Il 19 dicembre 1992, al ritorno dalla rituale cena del giovedì con gli amici di sempre sulla strada tra Codogno e Casalpusterlengo, Gianni Brera, il grande giornalista la penna che dipinse di poesia il mondo del calcio e dei suoi protagonisti perdeva la vita in un incidente stradale. Aveva 73 anni.
E’ impossibile elencare tutti i neologismi entrati nel linguaggio comune grazie a lui, termini tutt’ora in uso presso redazioni e bar sport: la palla-gol, il centrocampista (nome di conio elementare ma a cui nessuno aveva mai pensato), il cursore, il forcing, la goleada, il goleador, il libero (proprio così, il nome al ruolo lo ha inventato lui), la melina, l’incornata, il disimpegno, la pretattica, la rifinitura, l’atipico…

Celebri anche i nomi di battaglia che appioppò a molti protagonisti del calcio italiano. Rivera fu ribattezzato “Abatino”, Riva “Rombo di tuono”, Altafini “Conileone”, Boninsegna “Bonimba”, Causio “Barone”, Oriali “Piper” (e quando giocava male “Gazzosino”), Pulici “Puliciclone”, e così via. Oggi come oggi il suo nome è tenuto vivo da siti Internet, premi letterari e giornalistici. Inoltre, dal 2003 la gloriosa Arena di Milano è stata ribattezzata come “Arena Gianni Brera”. E’ una lunga storia quella di Gianni Brera, studente di scienze politiche e giocatore nelle giovanili del Milan. Militare nei paracadutisti arriva presto a quella che sarà la passione della sua vita: il giornalismo. Prima in giornali di provincia, poi al “Popolo d’Italia” e al “Resto del Carlino”. Il 2 luglio del ’45, a guerra finita, riprende l’attività di giornalista per la “Gazzetta dello Sport”, dopo la soppressione del giornale da parte del regime fascista, avvenuta due anni prima.
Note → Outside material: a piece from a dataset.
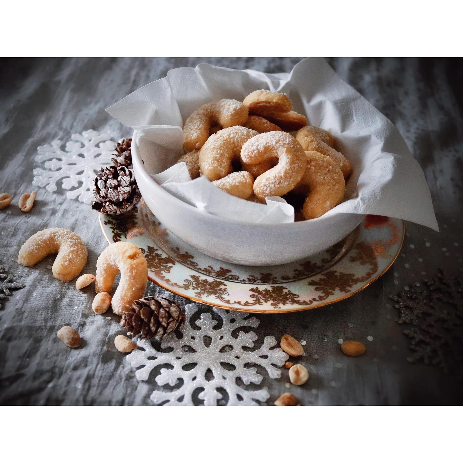 🌿 Aʀᴀšíᴅᴏᴠᴏ - ᴍᴀɴᴅʟᴏᴠé ʀᴏʜʟíčᴋʏ ____________________________________________ 300 g hladké mouky 210 g másla 100 g umletých arašídů a mandlí (50:50) 70 g moučkového cukru 1 žloutek většího vejce ____________________________________________ Pečeme na 170 °C 10-12 minut.

In pochi giorni comincia a organizzare il Giro d’Italia di ciclismo, che avrebbe preso l’avvio nel maggio successivo. Doveva essere il Giro della rinascita, il ritorno del Paese alla vita dopo i tragici avvenimenti bellici.
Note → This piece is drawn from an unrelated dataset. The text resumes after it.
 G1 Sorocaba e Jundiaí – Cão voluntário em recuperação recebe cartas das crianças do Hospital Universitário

Gianni Brera con Nereo Rocco

Lasciata la Gazzetta dello Sport, Brera compì un viaggio negli Stati Uniti e al suo ritorno fondò un settimanale sportivo, “Sport giallo”. Di lì a poco Gaetano Baldacci lo chiamò al “Giorno”, il giornale appena creato da Enrico Mattei, per assumere la direzione dei servizi sportivi. Iniziava un’avventura che avrebbe cambiato il mondo del giornalismo italiano. In quegli anni Brera strinse una forte amicizia con Fausto Coppi al quale dedicò due dei suoi innumerevoli libri. Nel 1976 Gianni Brera tornò come editorialista alla “Gazzetta dello Sport”. Intanto, continuava a curare sul “Guerin Sportivo” la rubrica “Arcimatto”, mai interrotta e mantenuta fino alla fine. Qui Brera scriveva non solo di sport, ma anche su temi di storia, letteratura, arte, caccia e pesca, gastronomia. Questi articoli, oltre che mostrare la sua cultura, si distinguono per l’assenza di retorica e di ipocrisia. Alcuni di essi sono oggi raccolti in un’antologia.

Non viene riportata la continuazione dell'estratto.